= Your task =
Once "Emsa Travel Mug" turns up in a line below, reproduce that line and those after it exactly, stopping after the line with "Hegyező 2 lyukú, tartályos, radírral"; leave pictures out.

= Data supplied =
-- Opening Marker --

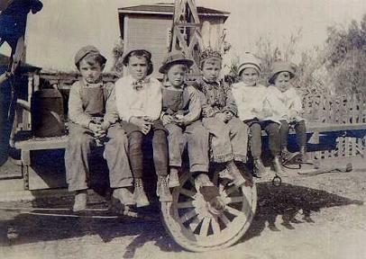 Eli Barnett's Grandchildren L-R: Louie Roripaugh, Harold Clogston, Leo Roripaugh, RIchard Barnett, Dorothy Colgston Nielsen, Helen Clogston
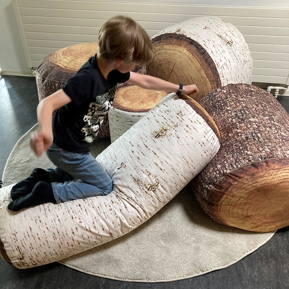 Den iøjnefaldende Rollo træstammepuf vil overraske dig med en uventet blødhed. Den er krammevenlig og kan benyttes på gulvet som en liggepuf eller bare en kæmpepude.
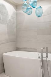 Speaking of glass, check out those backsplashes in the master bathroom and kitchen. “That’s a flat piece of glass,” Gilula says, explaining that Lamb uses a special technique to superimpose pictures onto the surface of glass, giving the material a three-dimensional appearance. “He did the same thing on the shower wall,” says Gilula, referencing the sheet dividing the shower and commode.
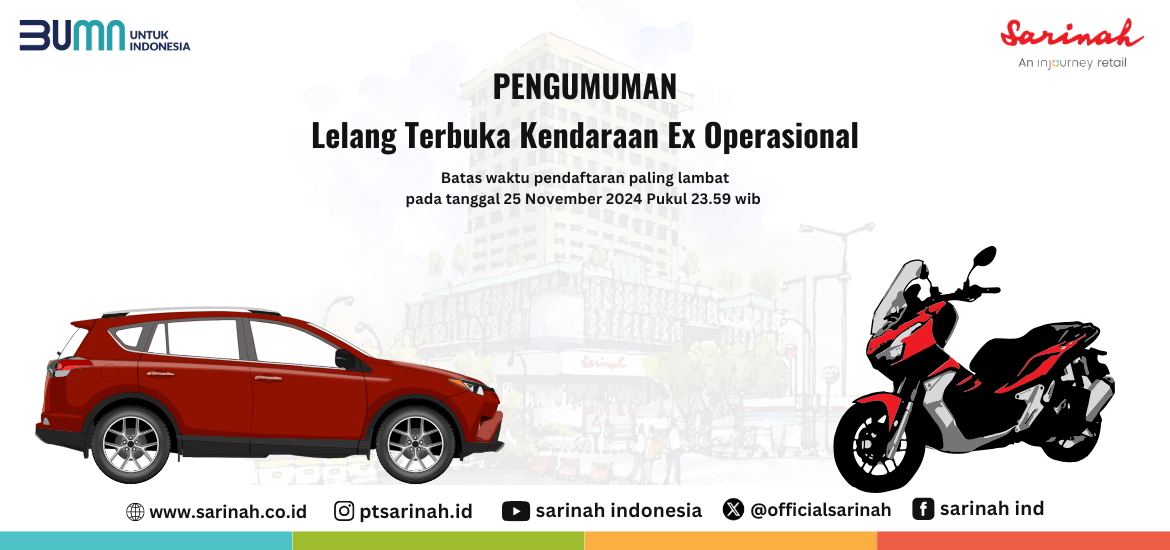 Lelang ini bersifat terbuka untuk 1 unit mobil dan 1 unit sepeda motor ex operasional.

-- Closing Marker --
-- Opening Marker --

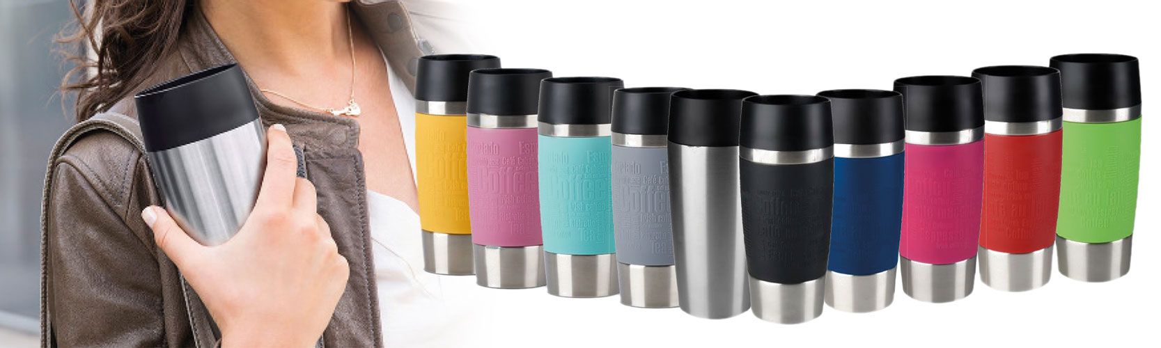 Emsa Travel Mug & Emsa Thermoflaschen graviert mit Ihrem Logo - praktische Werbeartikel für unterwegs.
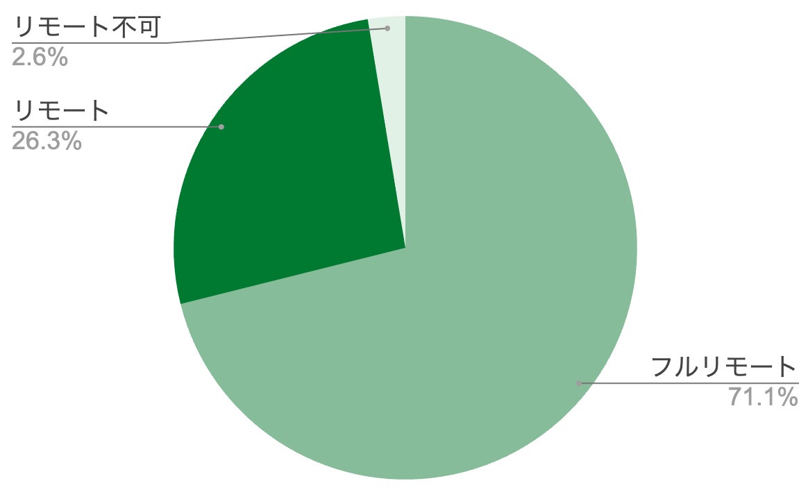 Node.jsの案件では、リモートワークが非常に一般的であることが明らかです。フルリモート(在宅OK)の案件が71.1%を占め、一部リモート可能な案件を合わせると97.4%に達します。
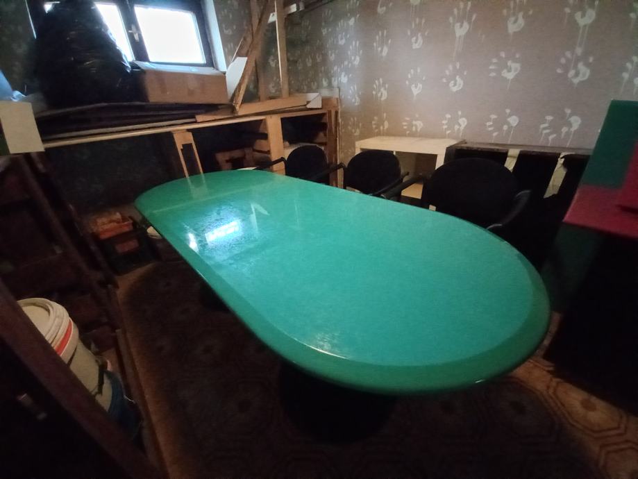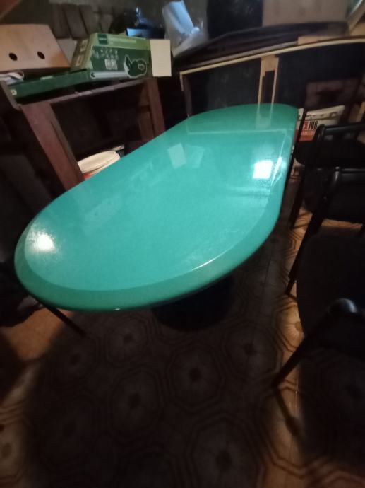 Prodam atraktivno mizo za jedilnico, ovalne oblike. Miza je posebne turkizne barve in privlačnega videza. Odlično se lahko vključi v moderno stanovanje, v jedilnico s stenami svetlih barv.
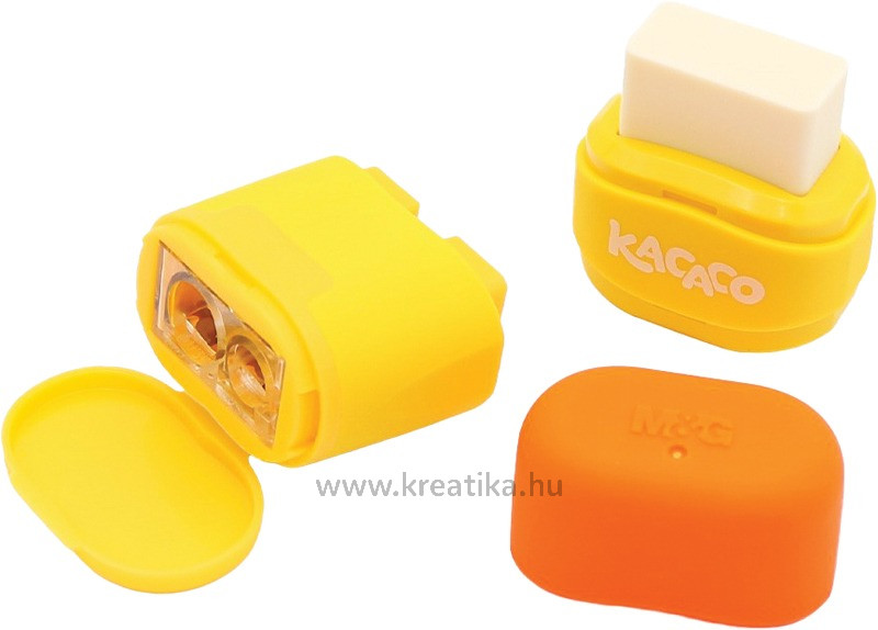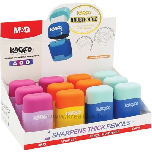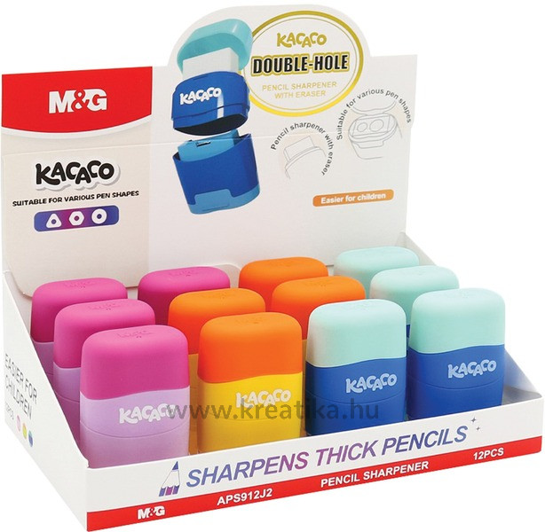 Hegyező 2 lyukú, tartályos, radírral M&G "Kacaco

-- Closing Marker --

= Task response =
 Emsa Travel Mug & Emsa Thermoflaschen graviert mit Ihrem Logo - praktische Werbeartikel für unterwegs.
 Node.jsの案件では、リモートワークが非常に一般的であることが明らかです。フルリモート(在宅OK)の案件が71.1%を占め、一部リモート可能な案件を合わせると97.4%に達します。
 Prodam atraktivno mizo za jedilnico, ovalne oblike. Miza je posebne turkizne barve in privlačnega videza. Odlično se lahko vključi v moderno stanovanje, v jedilnico s stenami svetlih barv.
 Hegyező 2 lyukú, tartályos, radírral M&G "Kacaco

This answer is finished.